What do we know, and how do we really know what we know? David Hume, the 18th-century Scottish philosopher, ventured that everything we perceive comes from what we’ve directly experienced. If we happen upon a thought, an idea, that we can’t trace back to a sense experience, then that idea cannot really be meaningful. This thinking flies in the face of all rationalist discourse, but Hume was an empiricist, so let’s leave it at that for now.
In what may be the mother of all epistemological WTHs, Hume willingly served up a counterexample, an exception, if you will, to his own ironclad argument that all ideas come from experience. If a man, he hypothesized, has seen all the colors of the world except for one particular shade of blue, and if all the shades of blue were laid out before him—from the darkest to the lightest—except the single shade he’s never before seen, might it be possible for him to conceive of it without having experienced it? (Strangely, Hume said yes, but added that the occasion would be so rare that it didn’t disprove his original rule.)
My first impulse was to say yes as well. Of course the man can imagine the missing blue shade because the mind naturally makes inferences and fills in the blank. But when I put on my empiricist hat, I started to wonder: can I truly, meaningfully know anything if I’ve never seen, heard, touched, tasted, or otherwise experienced it?
I sat with this for a while and ended up going a bit off tangent.
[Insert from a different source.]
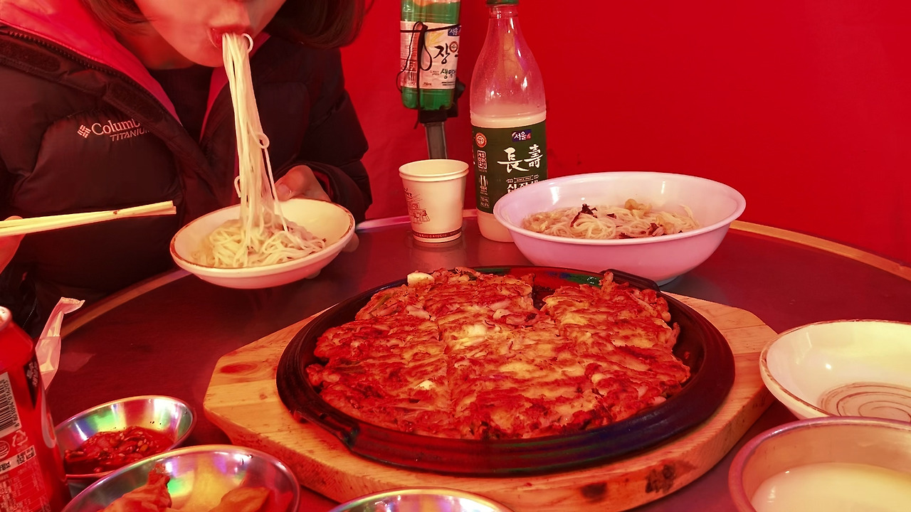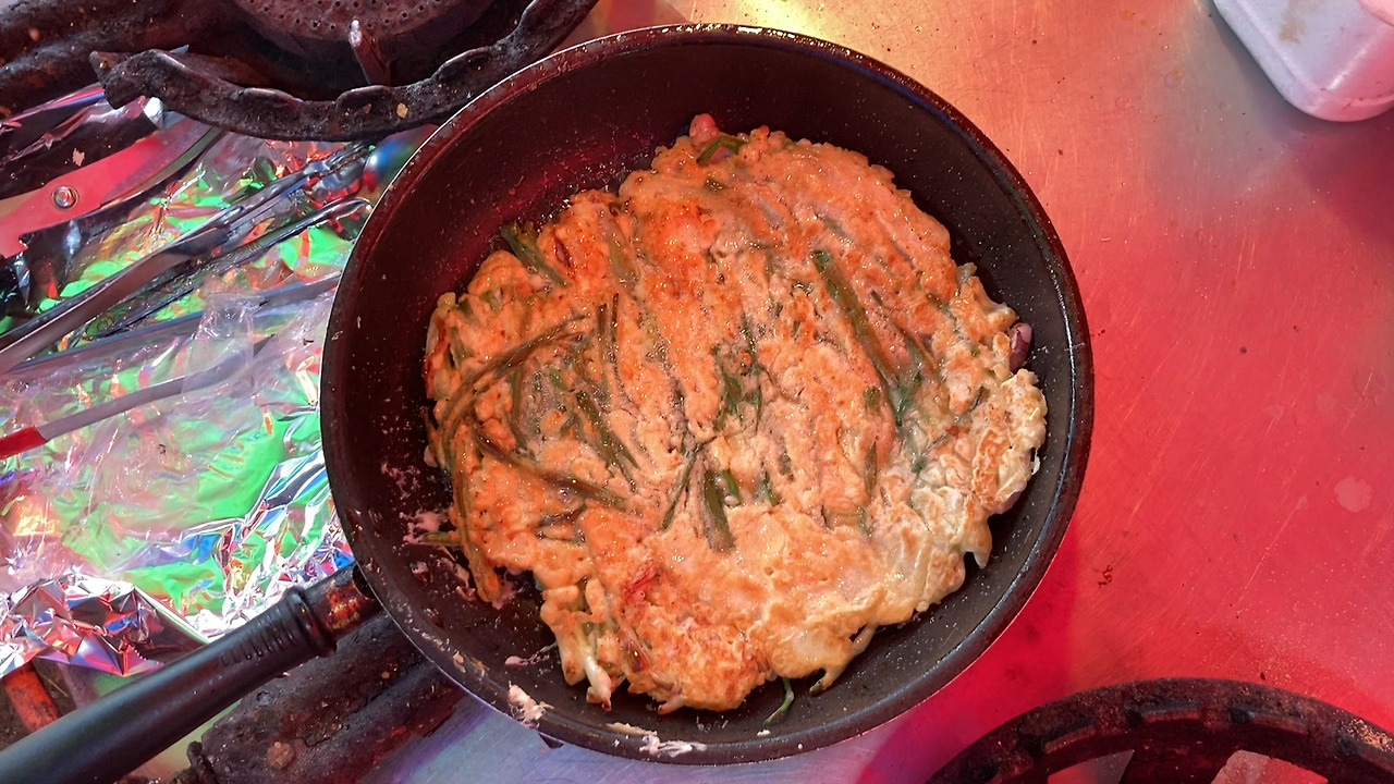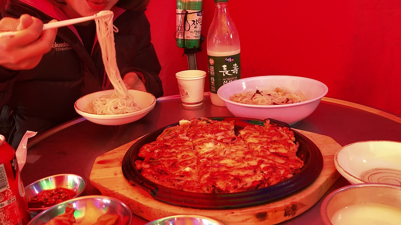 튀밥으로 시동을 걸었으니 메인 요리를 먹으러 갈 차례였다. 포장마차촌으로 갔다. 석쇠에서 노릇노릇 굽고 있는 전어, 양념을 맛깔스럽게 바른 등갈비, 바다 냄새 나는 삶은 소라가 ‘어서 오세요, 들어오세요.’ 손님을 부르고 있었다. 자리에 앉아 잔치국수, 해물파전, 막걸리를 시켰다. 사장님은 주문과 동시에 해물과 파를 아낌없이 넣고 달군 프라이팬 위에 지글지글 전을 구웠다.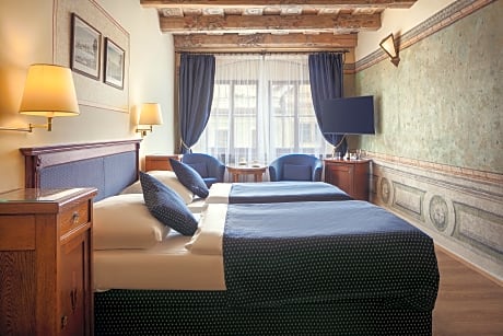 The Charles hotel enjoys a central location in Lesser Town, 328 feet from Charles Bridge and a 15-minute walk from Prague Castle. Free WiFi in all areas and paid street parking are offered. This historic building with Baroque-style furniture and wooden beamed ceilings dates back to 1857 and is fully air-conditioned. All rooms are provided with a mini-bar, satellite flat-screen TV, a safety deposit box, and a bathroom with a bath or a shower and a hairdryer. Buffet breakfast is served every morning at the restaurant on the ground floor. Guests can also have a drink in a bar. The Malostranská Metro Station is 2133 feet away. Old Town Square with the Orloj Astronomical Clock can be reached within 0.8 mi and Wenceslas Square is 1.1 mi away.

For me, the more interesting question lies elsewhere.
How does one know that there was a missing shade of blue to begin with?
Embedded in the question of whether or not one can fill in the blank is an assumption that there exists a shade of blue for which a blank space has been made. And is there not always a gap at the heart of everything we know and can know? We may not know with what we would fill it, or even how we might choose to fill it. But two things I do know with some measure of certainty: that it is there, and that it is in the continuous attempts at filling (what in all likelihood is unfillable) that we constitute all things meaningful.
Philosophers have debated about what possessed Hume to practically invalidate his entire theory of knowledge with this beautifully poetic counterexample. I’m not as baffled. I would hazard a guess that even the strictest and most pragmatic empiricist is wise enough to acknowledge that at the core of human experience is the existence of a hole, the provenance of which we might never know, but with which we have to make a certain kind of peace.